_PROBLEM REQUIREMENTS_.
Copy out each entry precisely; no image belongs in the result.

_DATA FOR ANALYSIS_.
########

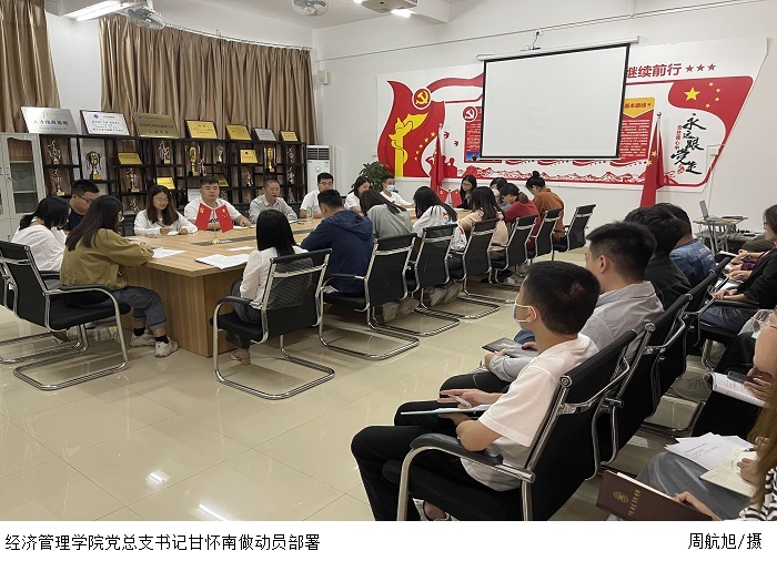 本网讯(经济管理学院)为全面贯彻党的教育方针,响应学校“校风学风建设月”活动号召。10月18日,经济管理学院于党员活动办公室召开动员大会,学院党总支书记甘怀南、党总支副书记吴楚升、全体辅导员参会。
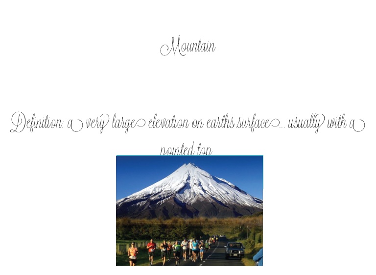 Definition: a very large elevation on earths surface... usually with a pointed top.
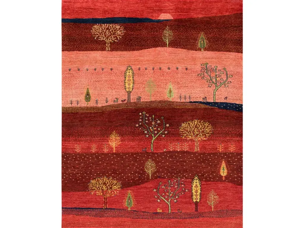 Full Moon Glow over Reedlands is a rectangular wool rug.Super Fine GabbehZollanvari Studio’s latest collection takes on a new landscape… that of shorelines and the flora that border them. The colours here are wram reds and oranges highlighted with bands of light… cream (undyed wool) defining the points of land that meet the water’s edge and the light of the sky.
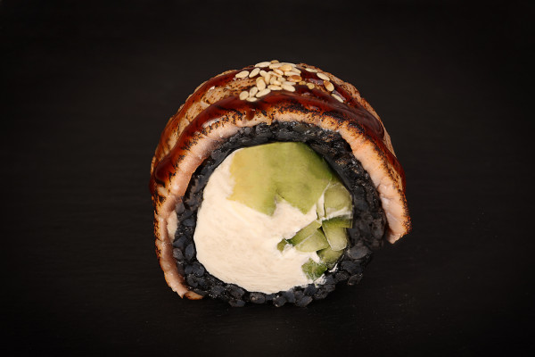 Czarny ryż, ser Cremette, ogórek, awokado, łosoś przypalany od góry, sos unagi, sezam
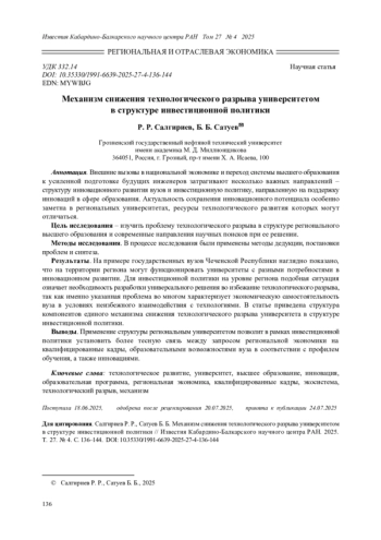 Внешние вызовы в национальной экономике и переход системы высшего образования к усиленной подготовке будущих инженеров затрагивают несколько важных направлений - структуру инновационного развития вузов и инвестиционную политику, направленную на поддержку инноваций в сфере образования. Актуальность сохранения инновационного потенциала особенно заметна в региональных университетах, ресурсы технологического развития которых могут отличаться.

########

_ANSWER TO THIS TASK_.
 本网讯(经济管理学院)为全面贯彻党的教育方针,响应学校“校风学风建设月”活动号召。10月18日,经济管理学院于党员活动办公室召开动员大会,学院党总支书记甘怀南、党总支副书记吴楚升、全体辅导员参会。
 Definition: a very large elevation on earths surface... usually with a pointed top.
 Full Moon Glow over Reedlands is a rectangular wool rug.Super Fine GabbehZollanvari Studio’s latest collection takes on a new landscape… that of shorelines and the flora that border them. The colours here are wram reds and oranges highlighted with bands of light… cream (undyed wool) defining the points of land that meet the water’s edge and the light of the sky.
 Czarny ryż, ser Cremette, ogórek, awokado, łosoś przypalany od góry, sos unagi, sezam
 Внешние вызовы в национальной экономике и переход системы высшего образования к усиленной подготовке будущих инженеров затрагивают несколько важных направлений - структуру инновационного развития вузов и инвестиционную политику, направленную на поддержку инноваций в сфере образования. Актуальность сохранения инновационного потенциала особенно заметна в региональных университетах, ресурсы технологического развития которых могут отличаться.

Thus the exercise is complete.